Sonaron las cadenas enormes, y la bola de hierro, sin lugar a dudas, se alejó de la Serpiente de Tierra.
¿Qué causó el cambio?
¿Había algo diferente en esta ronda comparada con las anteriores?
Si había que buscar una diferencia... era que Xu Qian le había dicho a los de atrás la posición de la Serpiente de Tierra.
"Mierda..." Chen Junnan se levantó, como si hubiera comprendido.
Ese tal "inteligente" parecía no creer en la verdadera posición de la Serpiente de Tierra... ¿Quería que la bola de hierro cayera desde el «-2» hasta el «3»?
De esta manera, podría matar a tantos Participantes como fuera posible, mientras hería gravemente a la Serpiente de Tierra.
Tal como había supuesto, con un gran estruendo, el hombre nervioso fue eliminado por votación de todos.
Todo el proceso duró apenas tres minutos, seco y sin rodeos, sin arrastrarse.
La cosa parecía volverse extraña de nuevo.

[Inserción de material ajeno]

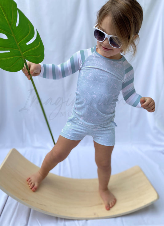 Rash Guard Swimsuit Top and Reversible Bottoms Outfit Mock Up, Realistic Clothing Mockup for Photoshop and Procreate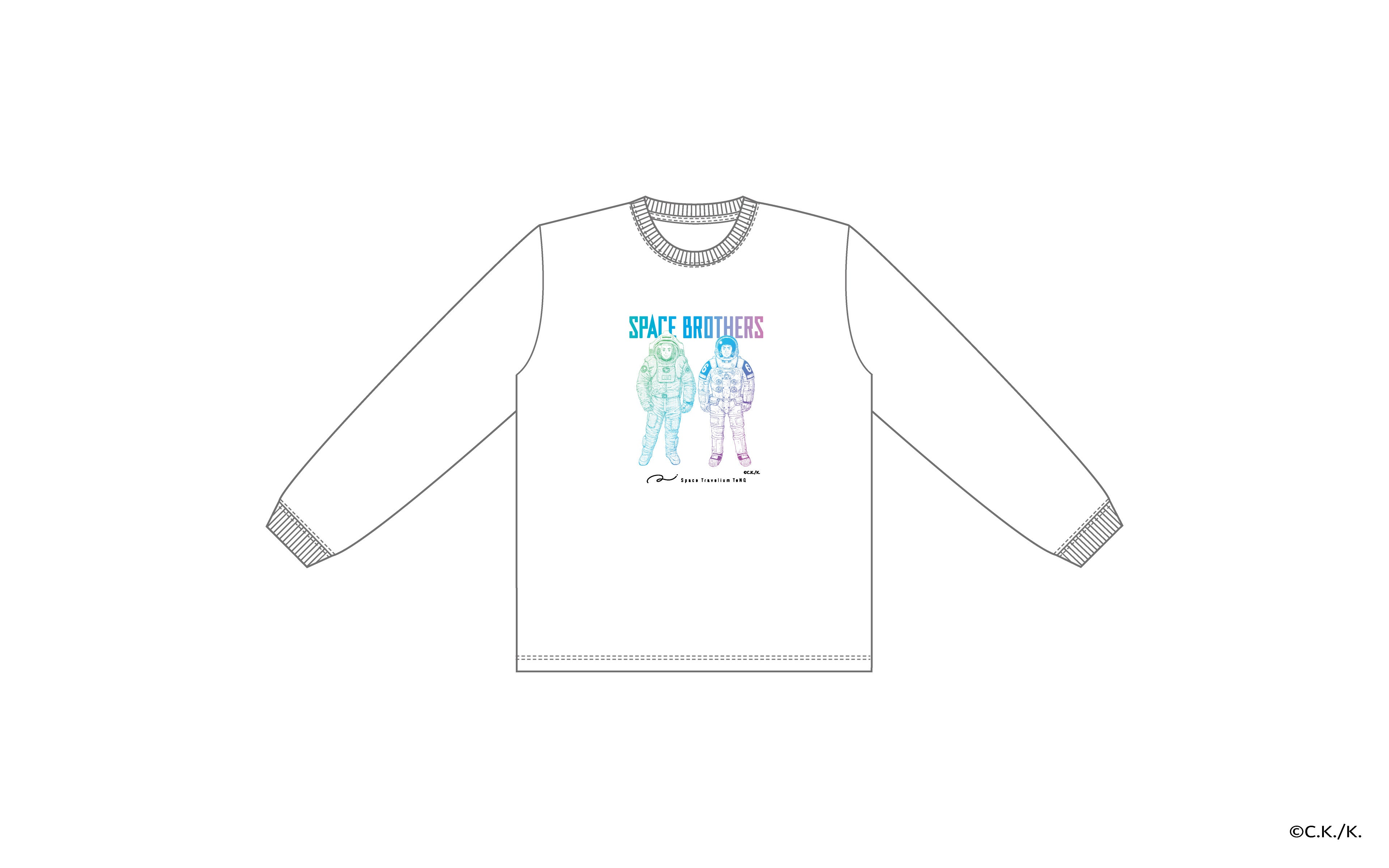 ホワイトカラーのフード付きパーカー。前面に「WHY CAN’T WE DO THIS MORE LIKE ASTRONAUTS?」(もっと宇宙飛行士気分で行こうぜ)を、裏面には六太の後ろ姿をデザインしました。

No importaba lo que eligiera Chen Junnan, parecía incapaz de controlar la dirección de la bola de hierro.
Las siguientes preguntas, la vigésimo segunda y la vigésimo tercera, la respuesta seguía siendo «Sí». Las cosas avanzaban en una dirección siniestra.
Chen Junnan se apresuró a volver a evaluar el diagrama en la pared, simulando mentalmente la dinámica de las próximas rondas.
"Engañaste a los demás... ¿Quieres empezar a matar...?"
Con el dedo, talló un "muerto" en el lugar del "Hombre Nervioso", saltó al que no cooperaba con él, y talló otro "muerto" en el tercer hombre. Si no se equivocaba, en la vigésimo cuarta ronda ese hombre moriría.
Luego saltó a la "Chica de Blanco", y talló un "muerto" en la posición del hombre que estaba detrás de ella.
Siguiendo ese ritmo de matar uno sí, uno no...
"Espera un momento..."
Chen Junnan frunció el ceño. Entre los dos hombres a la izquierda y derecha de la "Chica de Blanco" estaba Zhong Zhen. ¿Iban a morir todos...?
Al principio pensó que uno de esos dos hombres era el que controlaba la situación, pero ahora parecía que ellos también estaban siendo controlados, sin poder escapar.
Los habían engañado.
"Debí haberlo pensado antes..." Chen Junnan sonrió amargamente. "Creí que entre los «pares» había un inteligente que lideraba a todos los «pares» para masacrar a los «impares», pero resulta que las preguntas que recibían los «pares» venían todas de los «impares»..."
Extendió un dedo y, con la uña, rodeó con fuerza las palabras "Chica de Blanco".
"¿Tan aterradora eres...?" Chen Junnan torció la boca. "Ahora tengo más ganas de presentarte al Viejo Qi. Si ustedes dos se pusieran a tontear, seguro que sería muy interesante, ¿no?"